Durante esses dez anos, também aconteceram episódios positivos, como quando, presídio de Mendoza, na Argentina, graças às suas fotos expostas no Centro Cultural Recoleta de Buenos Aires e à pressão da Anistia International e do governo argentino, conseguiram fechar e destruir o Pavilhão 5.
— Ainda me lembro da sensação ao entrar lá dentro: celas completamente destruídas onde dormiam cinco pessoas em 2 m², um em cima do outro, animais mortos, banheiros inexistentes, latrinas de onde vinha tudo — relata.
O que o deixou mais impressionado, depois desses 10 longos anos, foi como o ser humano se acostuma a tudo, após um período de grande dor, desespero e raiva, e, no final, prevalece o desejo de sobreviver, mesmo em condições difíceis.
— Na América do Sul, a taxa de suicídios é de 0,001%. As pessoas não cometem suicídio como na Europa, onde o percentual é alto — constata.
Um continente que se recusa a pertencer ao primeiro mundo
Todos os projetos de Valerio têm como cenário o continente que ele tanto ama: a América do Sul, que apelidou de “segundo mundo”.

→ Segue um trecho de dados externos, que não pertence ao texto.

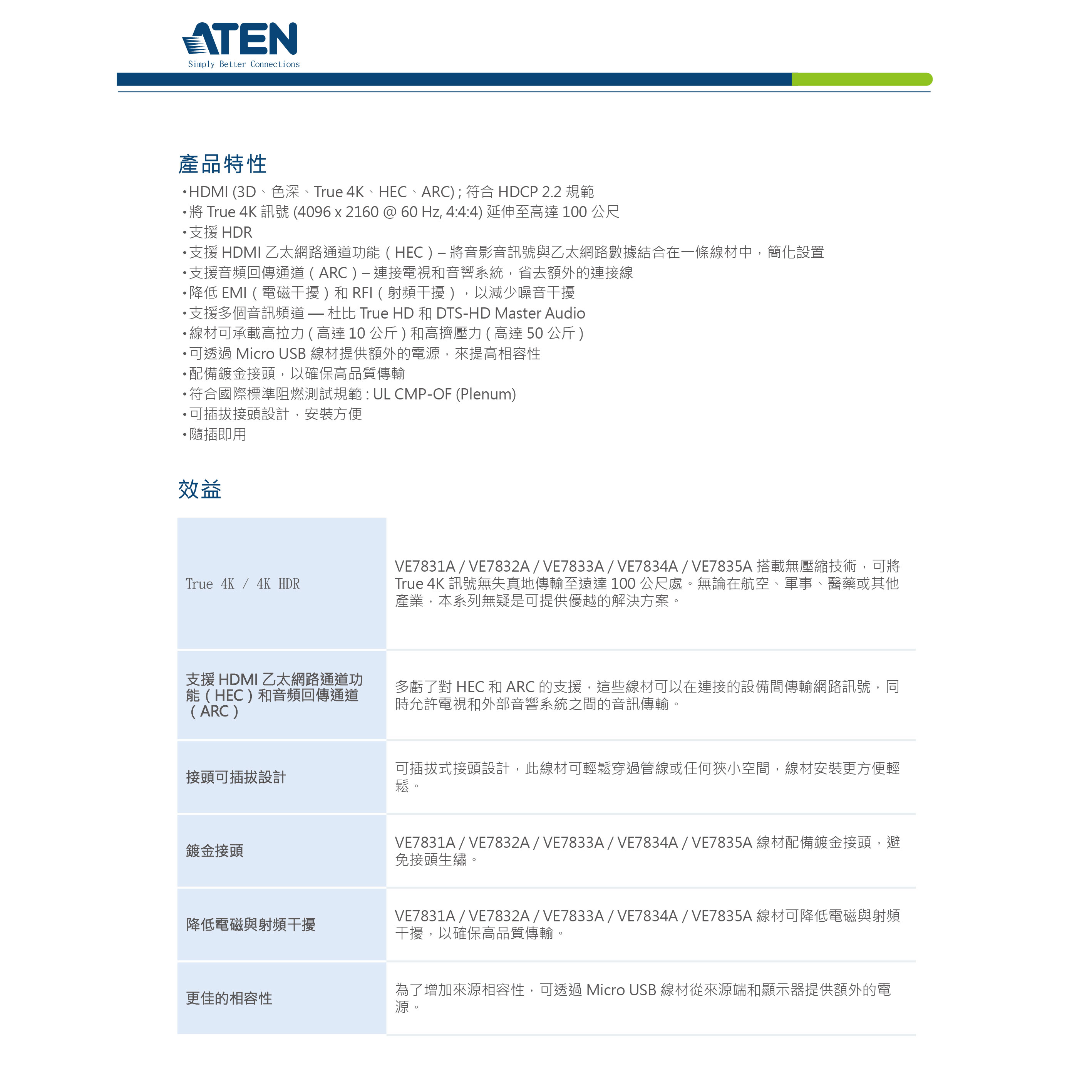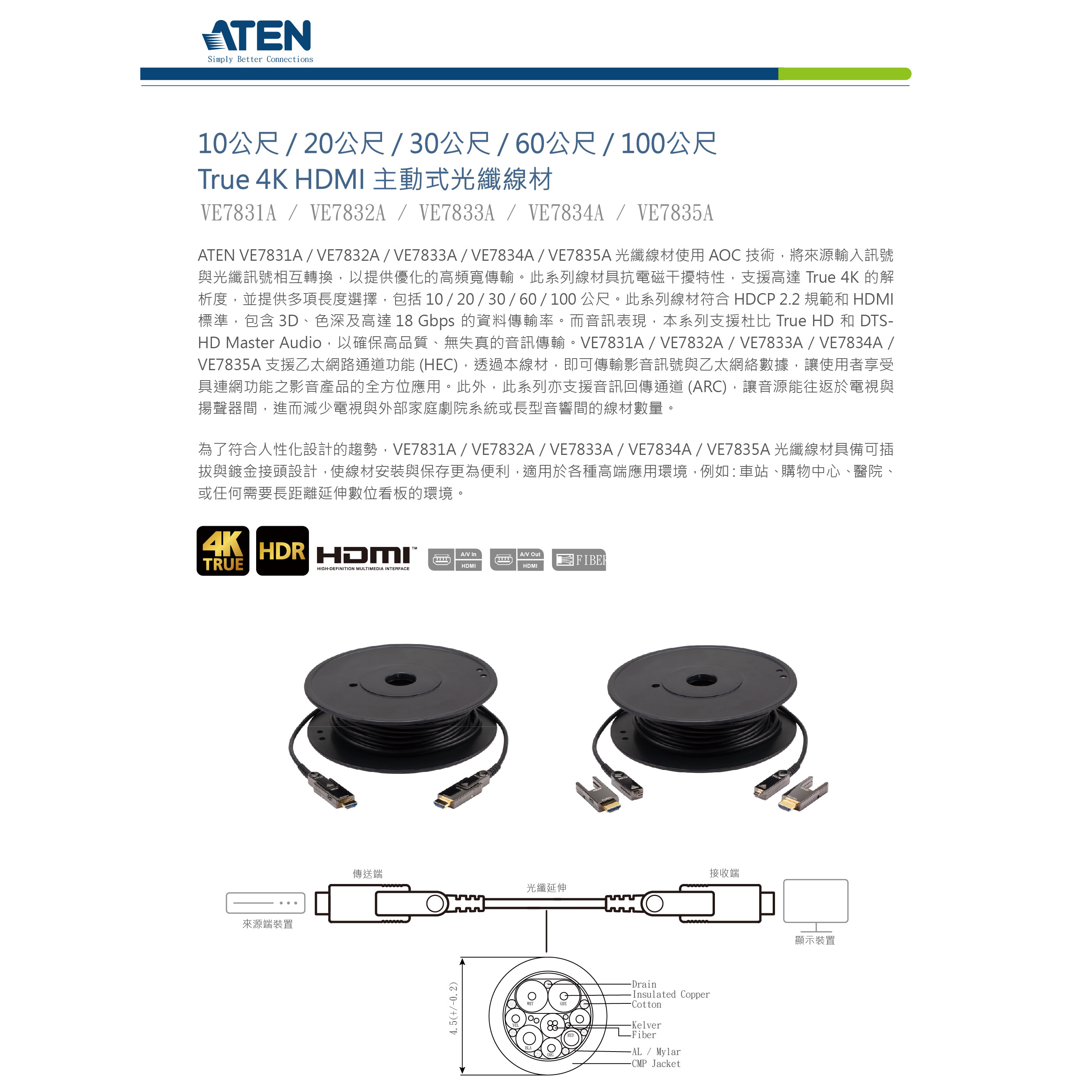 昌運監視器 ATEN 宏正 VE7831A 10公尺 True 4K HDMI 主動式光纖線材

— É um continente que não quer ser nem primeiro mundo e nem terceiro mundo, no sentido de que, quando está em um nível de primeiro mundo, faz de tudo para diminuir, cria problemas e situações através das quais se torna segundo mundo e, quando é rebaixado, por causa das crises econômicas, tem a força de se rebelar para recuperar a sua posição. Viaja sempre entre esses dois mundos: não quer ser primeiro para não perder a sua liberdade de expressão e a vitalidade, porém não quer ser tão pobre a ponto de ser tratado como terceiro mundo — conclui.